La Terza Sezione Penale della Suprema Corte, con la sentenza 20 febbraio 2013, pubblicata l’8 luglio (rv. 28919/13) sofferma, una volta di più, la propria attenzione sulla tematica della detenzione ad uso personale di sostanze stupefacenti, esaminando, non solo quei requisiti che militano per la formulazione del giudizio di non punibilità della condotta in esame, ma anche e, soprattutto, il rapporto che intercorre fra la condotta detentiva e quella di trasporto.

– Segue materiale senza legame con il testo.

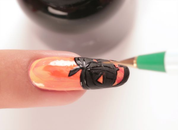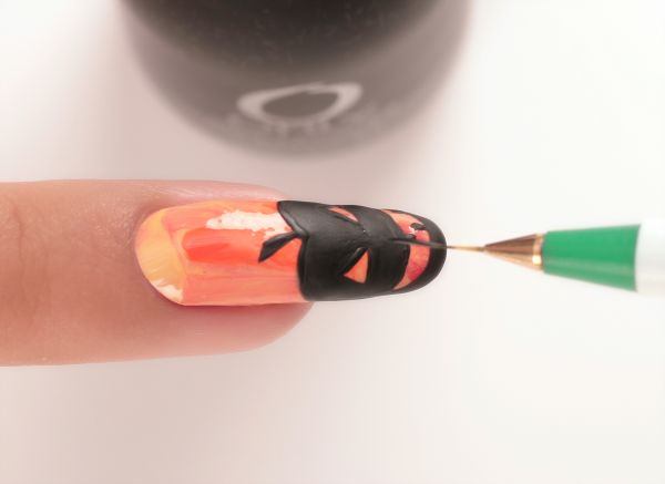 5. Главный элемент дизайна выполните кистью «Короткий волосок» и черным матовым лаком Matte Vinyl (№ 40242). Аккуратно прорисуйте контур тыквы.

Nel caso specifico, il PM si doleva della circostanza che il GIP, prima, ed il Tribunale del Riesame, poi, avevano ritenuto che la condotta dell’indagato – nei cui confronti si chiedeva l’adozione di una misura cautelare – si concretasse, nella sostanza, in una forma di detenzione “dinamica”.
L’attività di trasporto della sostanza (rinvenuta all’interno di un autoveicolo condotto dall’indagato stesso) doveva, infatti, venire assorbita – e, dunque, ricondotta – ad una fattispecie di possesso espressamente finalizzata all’uso personale.
Il PM ricorrente – anche ammettendo in ipotesi la prova della destinazione ad uso personale dello stupefacente rinvenuto – sosteneva, invece, l’autonomia , di fatto ed in diritto, della condotta di trasporto, rispetto a quella di detenzione, anche sul presupposto che si poteva ravvisare nella fattispecie il concorso tra una norma incriminatrice (l’art. 73 che esplica effetti penali in relazione alla condotta di trasporto) ed una di natura amministrativa (l’art. 75 che governa le ipotesi di condotte non penalmente rilevanti).
La Corte, per rispondere al quesito così proposto, ha ripercorso la struttura sia dell’art. 73, che dell’art. 75 dpr 309/90 nella loro formulazione post novella del 2006.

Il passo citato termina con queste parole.